Do I Need To Be in Shape Before Training? Part II and Conclusions

Training Before Training?

By
Coach Izzy

This is the conclusion of the article. If you have not read Part I, please CLICK HERE to catch up. Otherwise, enjoy and leave a comment!


However, in all fairness, I cannot blame the general public for this adopting this mindset. The field of fitness and strength training is ripe with misconceptions, generalizations, and outdated practices that beget stereotypes. Like or not, all stereotypes have some factual base.

It is still common among many fitness professionals –if they can be called so- to physically abuse many of their new and prospective clients through strenuous exercise routines in an attempt to impress them.

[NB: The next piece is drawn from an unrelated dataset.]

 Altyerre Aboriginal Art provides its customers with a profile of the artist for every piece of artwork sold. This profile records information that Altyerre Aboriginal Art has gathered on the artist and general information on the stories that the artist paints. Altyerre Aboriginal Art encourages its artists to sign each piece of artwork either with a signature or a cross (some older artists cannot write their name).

Needless to say that the vast majority of victims of this form of unethical conduct had no business engaging in routines of such magnitude, and easily overwhelm their limited physical capacity.

Those who manage to somehow survive through the workout can hear the wallowing in the voice of the prospective trainer “See? I knew I could bring the best in you! And you are not even in shape! That’s why you need me.” Those who have to quit lest they risk myocardial infarction or a disabling injury will also hear another type of gloating “See? You could not even make it through my “easiest” (yeah right!) workout. That’s why you need me.

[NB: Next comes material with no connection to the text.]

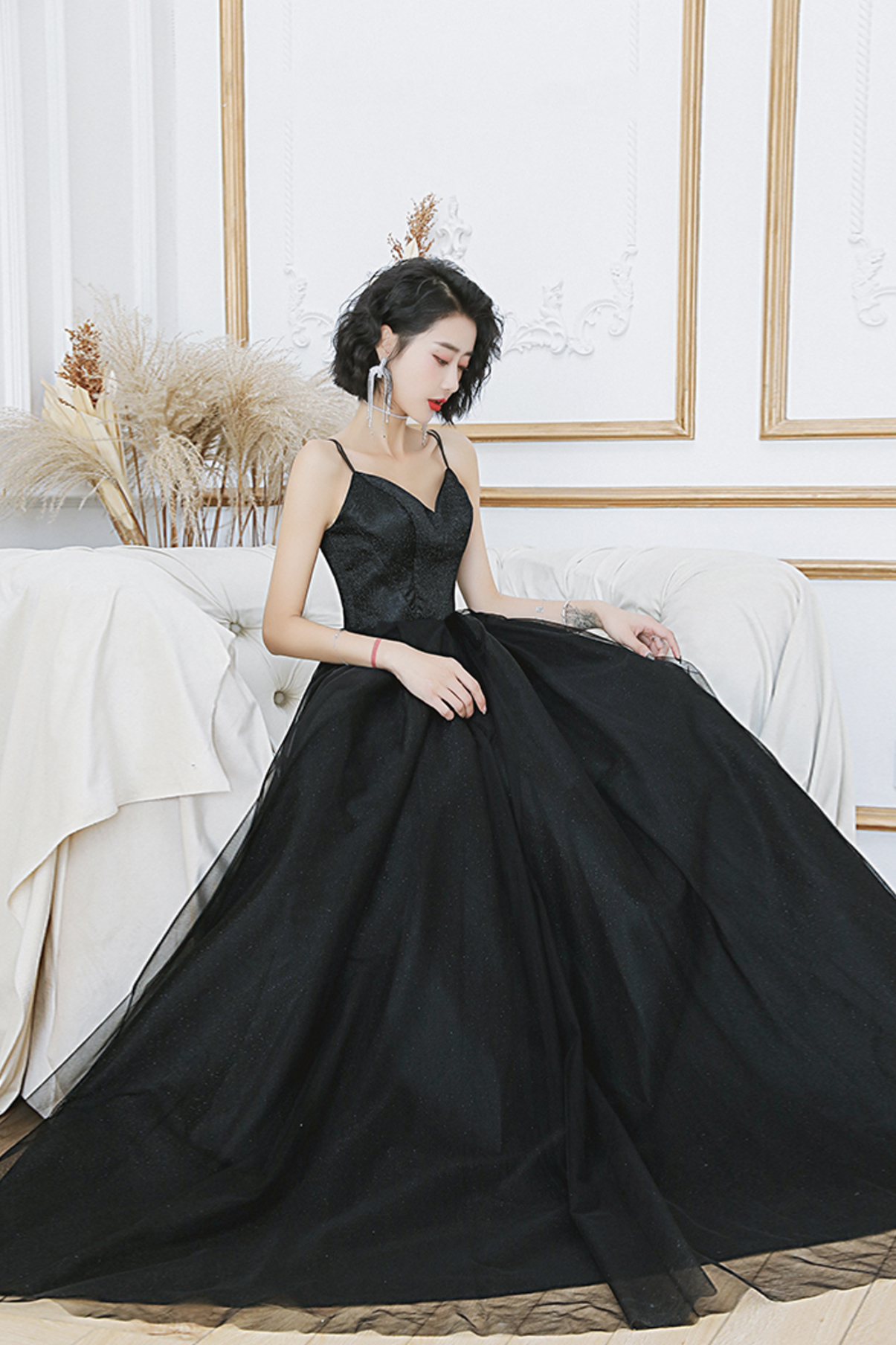 Black tulle long A line prom dress evening dress

Predictably, the battered and demoralized individual will wake up in excruciating pain the day after and think how good that trainer must have been to be able to inflict such a level of soreness in only a short period. Here is a little secret though… It does not really take much skill to get an individual extremely sore!

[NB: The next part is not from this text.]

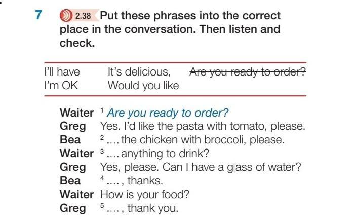 Ответ:2. I'll have 3.would you like 4.I'm OK 5. It's delicious

Obviously the individuals conclude it was their fault, and they should have trained before meeting with this awesome, no-pain-no-gain guru.  For many individuals, luck was on their side as they received nothing more than just major muscle soreness.  Others with structural weaknesses unknown to them will pay a much higher price in the form of tears, irritations, sprains, and strains.

Is it a wonder people think they should get in shape before meeting a trainer?  How backwards is that?

To put it in the swimming analogy, the equivalent situation would be the swimming coach throwing you in the deep end of the pool in your first session. If you somehow manage to stay afloat, the coach will gloat “See? You are already getting good! And it’s only our first session!” On the other hand, if you barely save yourself from drowning by holding onto the edge of the pool for dear life, the coach will tell you “See? You cannot even stay afloat. That’s why you need me!” Again, it cannot get any more backwards than that.

It is doubtful this type of approach would be acceptable in the swimming community. Of course there are a couple of nut cases who have used the above method, but these were nut cases and not professional swimming coaches. Professional swimming coaches know that this approach is not only unethical, it would put them out of business in a matter of days.

That is why you do not see prospective novice swimmers attempting the crawl in deep water before meeting their instructor.  They KNOW that a professional swimming coach –to whom they trust their health and life– will take all the necessary measures to keep them making progress at the appropriate pace, and more important, safe. Doing otherwise is universally considered unprofessional.

And if such approach is considered unprofessional elsewhere, why is not only condoned but also encouraged among those who call themselves Fitness Professionals? Reasons are abundant, but that’s an entirely different topic.

Please do not attempt to start your own program if you are going to be meeting a professional strength and conditioning coach for one. Much like your trying to jump into the deep end of the swimming pool without any swimming skills to get ready for your swimming lessons, you may end up creating conditions that will cost you in more ways than simply time and funds.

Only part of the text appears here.